What the module built, and the questions it deliberately left open¶
The module built a complete streaming multimodal platform. Chapter 01 turned "fresh enough" into a latency budget. Chapter 02 absorbed bursts with a durable replay log. Chapter 03 tiered storage so raw stays cheap and derived stays queryable. Chapter 04 ran models in-stream with idempotent writes. Chapter 05 served fresh cross-modal retrieval. Chapter 06 spent freshness only where it's worth it. Chapter 07 made the whole flow traceable and erasable. Each chapter resolved its pressure cleanly enough to teach.
Real systems are not clean. Every mechanism in this module sits on a tradeoff that the teaching version smoothed over, and several sit on practices the industry actively disagrees about. The freshness budget assumes you can measure the value of a second; often you can't. Exactly-once is advertised everywhere and end-to-end almost nowhere. Kappa is the default for new builds and lambda refuses to die. And the largest open question hangs over the whole thing: a lot of streaming platforms are over-engineered batch jobs wearing a Flink cluster. This file walks each boundary, gives both sides where the industry disagrees, and ends where the module should — closer to operational ambiguity than to a clean answer.
What this file solves¶
A reader who has the seven mechanisms can still over-build, because the module taught each one as the right answer to its pressure without marking where the pressure is too weak to justify the machinery. This file shows where each mechanism hits its honest limit, which practices are genuinely contested (exactly-once, lambda-vs-kappa, in-stream vs async model calls, multimodal-shared-space vs caption-and-index), and the single most useful judgment in this domain: recognizing when a streaming platform is solving a problem a scheduled batch job already solved more cheaply.
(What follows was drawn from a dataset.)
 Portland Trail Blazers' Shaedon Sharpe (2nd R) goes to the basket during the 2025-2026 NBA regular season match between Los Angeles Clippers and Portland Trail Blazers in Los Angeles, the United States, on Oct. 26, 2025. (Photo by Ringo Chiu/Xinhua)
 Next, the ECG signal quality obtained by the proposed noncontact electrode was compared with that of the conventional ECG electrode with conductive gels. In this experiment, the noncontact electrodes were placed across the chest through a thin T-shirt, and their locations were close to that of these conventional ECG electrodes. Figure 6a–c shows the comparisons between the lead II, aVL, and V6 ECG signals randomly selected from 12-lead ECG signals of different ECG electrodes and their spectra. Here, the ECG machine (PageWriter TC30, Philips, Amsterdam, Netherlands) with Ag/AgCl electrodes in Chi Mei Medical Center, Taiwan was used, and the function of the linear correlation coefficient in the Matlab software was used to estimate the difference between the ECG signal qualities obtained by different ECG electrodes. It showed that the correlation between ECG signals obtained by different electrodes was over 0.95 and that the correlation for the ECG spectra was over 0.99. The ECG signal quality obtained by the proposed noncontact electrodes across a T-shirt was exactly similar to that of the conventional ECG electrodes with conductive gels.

1) Why "is it fresh enough?" is the wrong first question — the need to question the premise¶
Every chapter optimized the freshness gap. The unexamined assumption underneath all of them is that freshness has measurable value worth its cost. For the live copilot mid-call, it plainly does — a 90-second-old chat changes the answer. But that single strong case quietly justified seconds-fresh machinery across a platform where most data is not consumed by a human waiting in real time.
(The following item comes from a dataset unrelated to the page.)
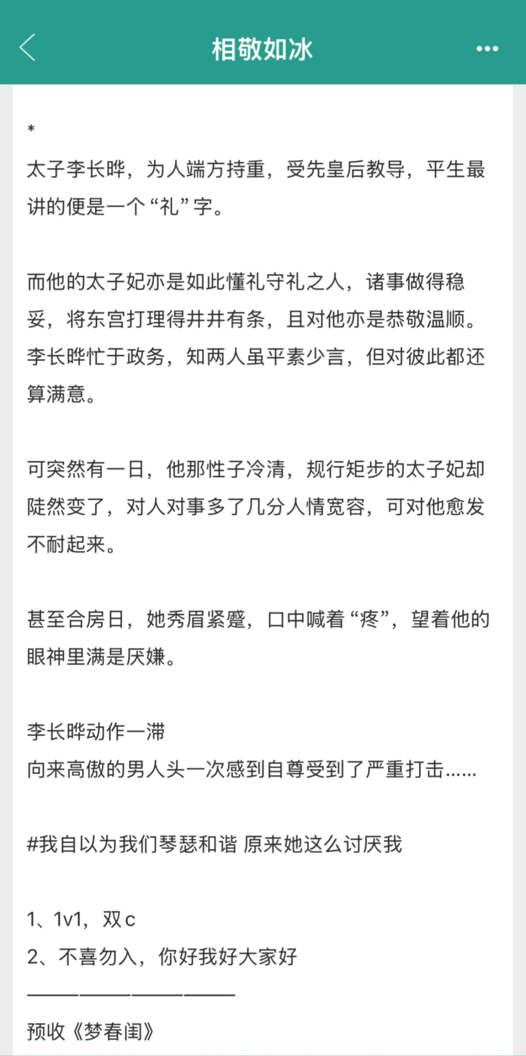 可突然有一日,他那性子冷清,规行矩步的太子妃却陡然变了,对人对事多了几分人情宽容,可对他愈发不耐起来。

The honest first question is not "how do we make it fresh?" It is "who perceives the freshness, and what does a slower answer actually cost them?" Run it against the real consumers:
CONSUMER PERCEIVES A FASTER ANSWER? VALUE OF SECONDS-FRESH
copilot, customer mid-call yes, directly high — changes the answer
supervisor glancing at a wall barely (refresh ~30–60s) low — UI hides the freshness
nightly CSAT report no zero
retraining export no zero
quarterly audit no zero
The symptom of getting this wrong is not a failure — it's a bill with no complaint behind it. Nothing breaks. The dashboards are green. You are simply paying the steep end of the freshness curve for latency four of five consumers cannot perceive. So the root cause of most streaming over-spend is not bad engineering; it is answering "how fresh can we make it?" before answering "who is waiting?" The natural question that should come first: which consumer's perception, if any, justifies the always-on machinery — and for everyone else, would a batch job be indistinguishable?
Why this question comes first. Freshness is the module's anchor, but an anchor optimized without a value function becomes a cost sink. The freshness gap is worth closing only where a human or a deadline perceives the closing. Asking "who waits?" before "how fresh?" is the one habit that separates a platform sized to its product from a platform sized to its tooling.
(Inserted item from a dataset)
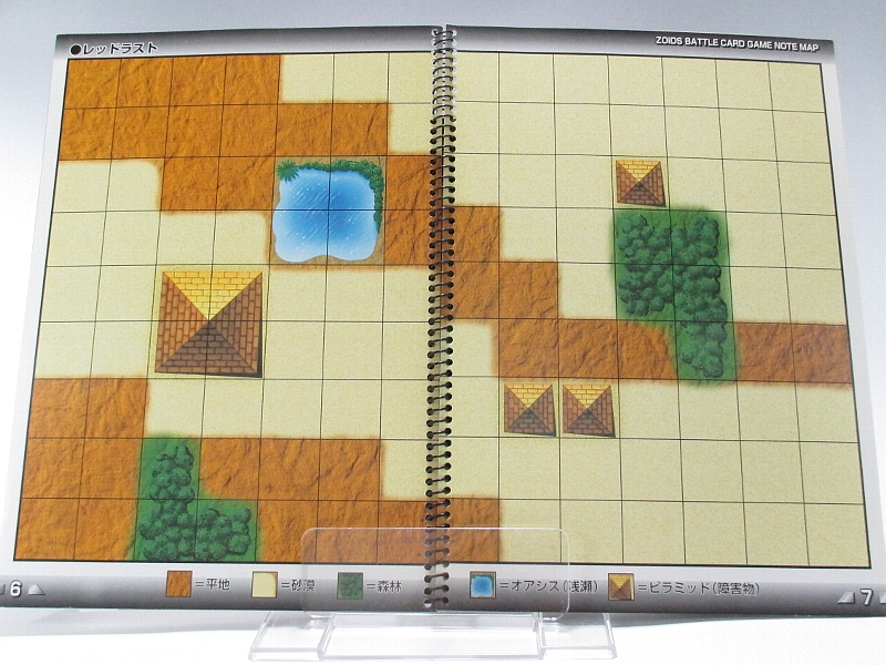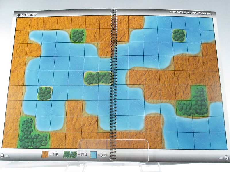 ↑ミダス河口「大河を征するもの」。このマップでは水適性を持たないゾイドでも水マップを1回の行動で1マスのみ移動可能。ただし、障害物が無いのでイベントカードで移動したり、長距離射程で攻撃が有効です。水適性ゾイドはこういうマップでないと特性を活かしにくいです。 |

2) The core picture: the over-engineering boundary¶
VALUE OF FRESHNESS (per query)
high │ ● live copilot ← streaming earns its cost here
│ (human mid-call)
│
│ ● live fraud block
│
──────────┼───────────────────────────────────────────▶ QUERY RATE
│ (how often the path is hit)
low │ ● supervisor wall ● nightly report
│ (UI-throttled) ● audit ● export
│ ┌─────────────────────────┐
│ │ STREAMING HERE = the │
│ │ over-engineering trap │
│ │ (scheduled batch wins) │
└──────────────────────────┴─────────────────────────┘
Streaming is justified ONLY in the high-freshness-value region.
Most data lives in the low-value region and should be batch.
The picture the module never drew explicitly: a plane of freshness-value against query-rate, with a small region where streaming earns its always-on cost and a large region where it doesn't. The live copilot sits in the high-value corner — that one case is real and justifies everything chapters 02–05 built for that path. The mistake is letting the copilot's strong case license streaming for the whole plane. Most paths sit in the low-value region where a scheduled batch over landed data (chapter 06) is correct, cheaper, and indistinguishable to the user.
3) The running example, stress-tested: was the platform over-built?¶
Apply the boundary to the support-copilot platform honestly. Score each path:
PATH freshness value query rate verdict
live copilot retrieval high high streaming justified (the anchor case)
live call sentiment high high streaming justified (shares the pipe)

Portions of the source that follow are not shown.